Ensemble forecasting is a form of Monte Carlo analysis. The multiple simulations are conducted to account for the two usual sources of uncertainty in forecast models: (1) the errors introduced by the use of imperfect initial conditions, amplified by the chaotic nature of the evolution equations of the atmosphere, which is often referred to as sensitive dependence on initial conditions; and (2) errors introduced because of imperfections in the model formulation, such as the approximate mathematical methods to solve the equations. Ideally, the verified future atmospheric state should fall within the predicted ensemble spread, and the amount of spread should be related to the uncertainty (error) of the forecast.
In general, this approach can be used to make probabilistic forecasts of any dynamical system, and not just for weather prediction.
Today ensemble predictions are commonly made at most of the major operational weather prediction facilities worldwide, including:
Experimental ensemble forecasts are made at a number of universities, such as the University of Washington, and ensemble forecasts in the US are also generated by the US Navy and Air Force. There are various ways of viewing the data such as spaghetti plots, ensemble means or Postage Stamps where a number of different results from the models run can be compared.
As proposed by Edward Lorenz in 1963, it is impossible for long-range forecasts—those made more than two weeks in advance—to predict the state of the atmosphere with any degree of skill owing to the chaotic nature of the fluid dynamics equations involved. [1] Furthermore, existing observation networks have limited spatial and temporal resolution (for example, over large bodies of water such as the Pacific Ocean), which introduces uncertainty into the true initial state of the atmosphere.

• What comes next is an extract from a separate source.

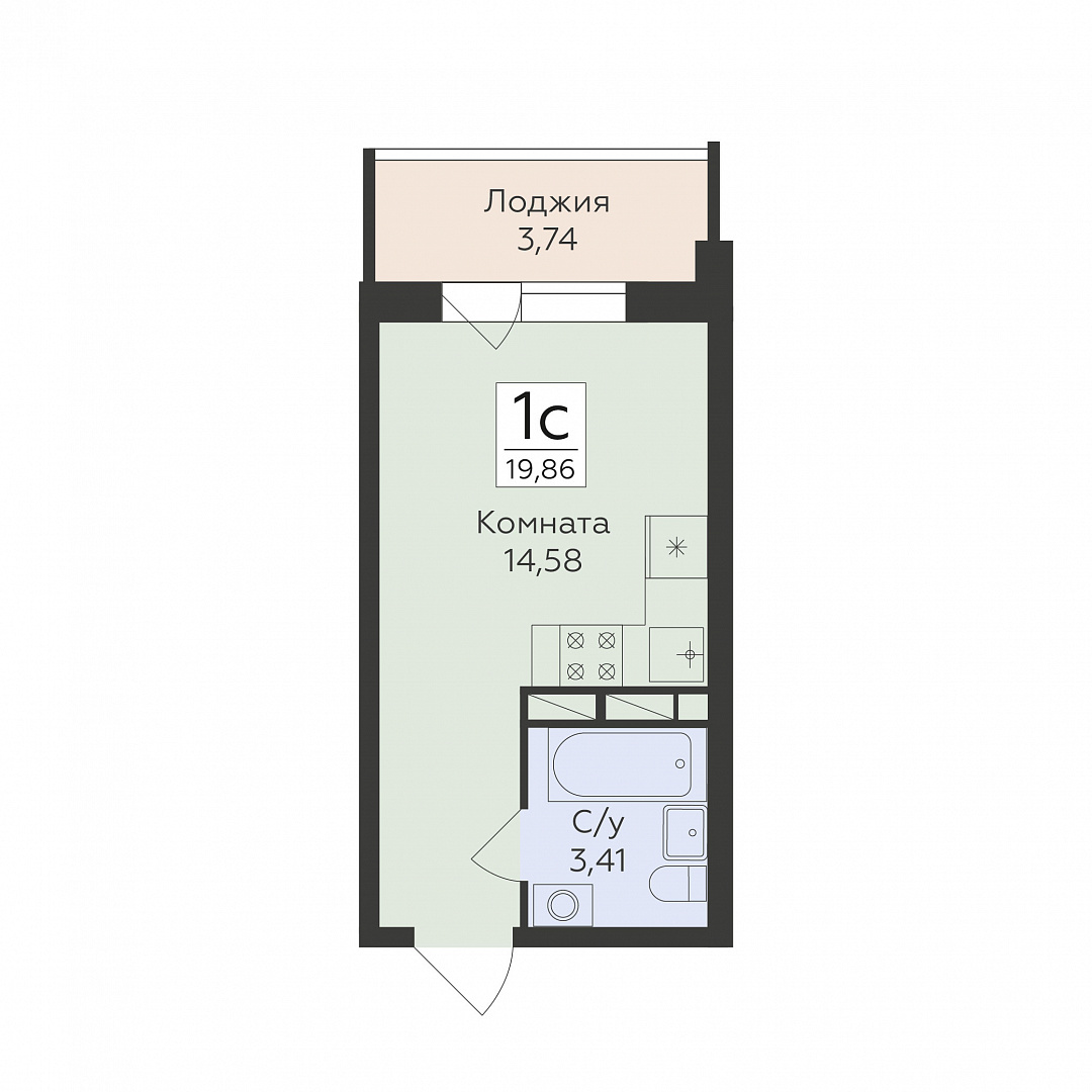 1-комнатная (студия), 19.86 м2, 13 этаж, №120, Flora

While a set of equations, known as the Liouville equations, exists to determine the initial uncertainty in the model initialization, the equations are too complex to run in real-time, even with the use of supercomputers. [2] The practical importance of ensemble forecasts derives from the fact that in a chaotic and hence nonlinear system, the rate of growth of forecast error is dependent on starting conditions. An ensemble forecast therefore provides a prior estimate of state-dependent predictability, i.e. an estimate of the types of weather that might occur, given inevitable uncertainties in the forecast initial conditions and in the accuracy of the computational representation of the equations. These uncertainties limit forecast model accuracy to about six days into the future. [3] The first operational ensemble forecasts were produced for sub-seasonal timescales in 1985. [4] However, it was realised that the philosophy underpinning such forecasts was also relevant on shorter timescales – timescales where predictions had previously been made by purely deterministic means.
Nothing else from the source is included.